Candy buscó la mirada de Terrence. Era evidente que había captado su sutileza. ¡Las había llevado por un camino más largo para ver si ellas se marchaban llorando de regreso a Escocia! Lo miró frunciendo las cejas para mostrarle su enfado.
Annie por su parte le sonreía. Estaba convencida de que haber retrasado la llegada hasta el destino final, debía responder al hecho de que Terrence Graham estaba irremediablemente enamorado de Candy. Apostaría las joyas que había robado de su casa, y que tenía escondidas en un compartimento secreto de su pequeño baúl, a que aquel apuesto castaño cayó de rodillas en cuanto vio a su amiga en aquel pequeño pueblo.
—Quería que las damas vieran un poco más el campo —se limitó a responder el castaño con una tranquilidad asombrosa y que denotaba que no estaba avergonzado por sus actos—. Si me disculpan, debo ir a ver cómo está Karen. Imagino que estará preocupada por mi tardanza. No deje de llevar a lady Candice —usó el título de ella con gran esmero—, a visitarla, seguro, Karen estará ansiosa por conocer a la futura esposa. —Las palabras le supieron a cenizas mezcladas con putrefacción. Ofreció un asentimiento de cabeza y se marchó al establo.
Candice se tragó el amargo sabor de los celos.

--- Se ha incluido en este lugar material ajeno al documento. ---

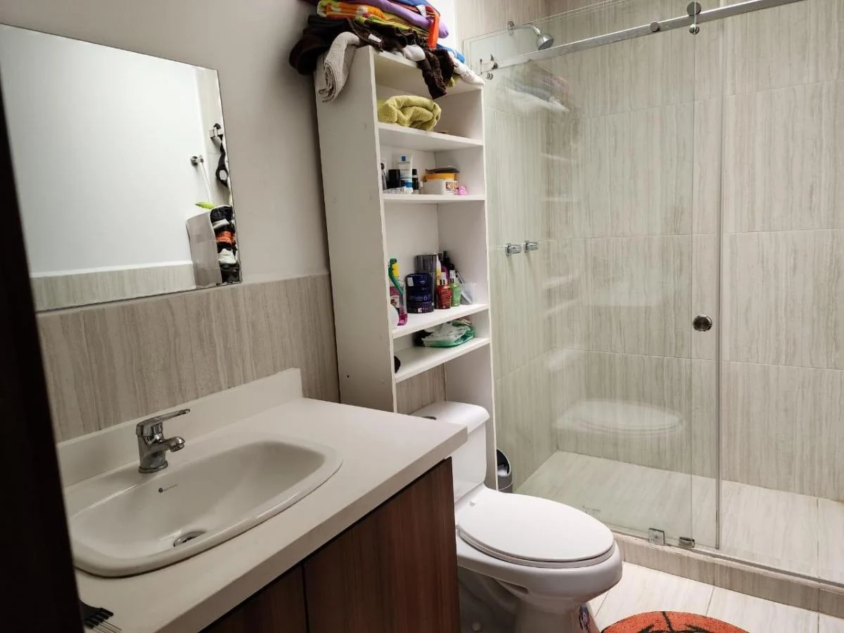 balcón y un baño completo compartido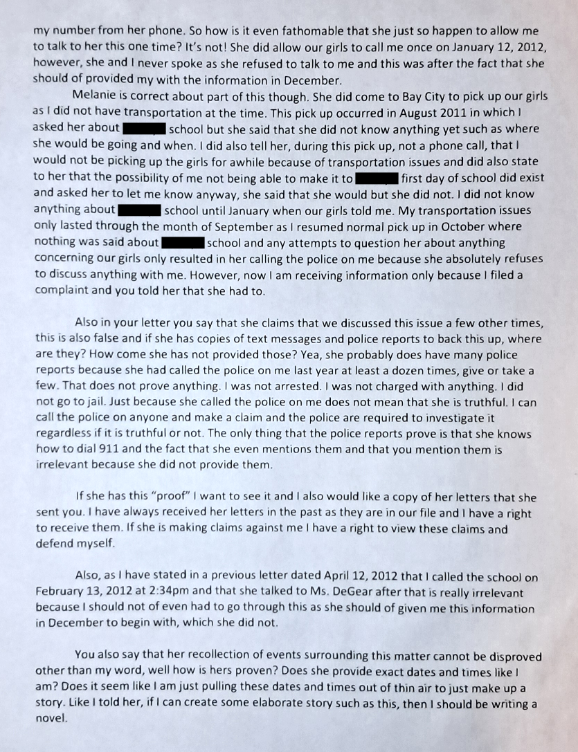 This year I had to file a complaint because Evil Baby Mama was refusing to tell me information about our girls such as their school and medical info. Evil Baby Mama was keeping me out of their lives as much as she could. I had to take her to court to get her to tell me that information. The only reason Evil Baby Mama ever told me anything about our girls is because she was court ordered to do so. Otherwise, I would have known nothing about my girls, other than every other weekend.

No olvidaba el modo tan ensoñador con el que se había referido a esa tal Karen. ¡Argggg! Ya odiaba ese nombre. No le gustaba nada, y menos le gustaría su dueña. No. No la conocería. No quería saber nada de la mujer que había capturado el corazón de Terrence.
—Iré con el señor Graham. —Annie salió tras él sin esperar que nadie dijese nada.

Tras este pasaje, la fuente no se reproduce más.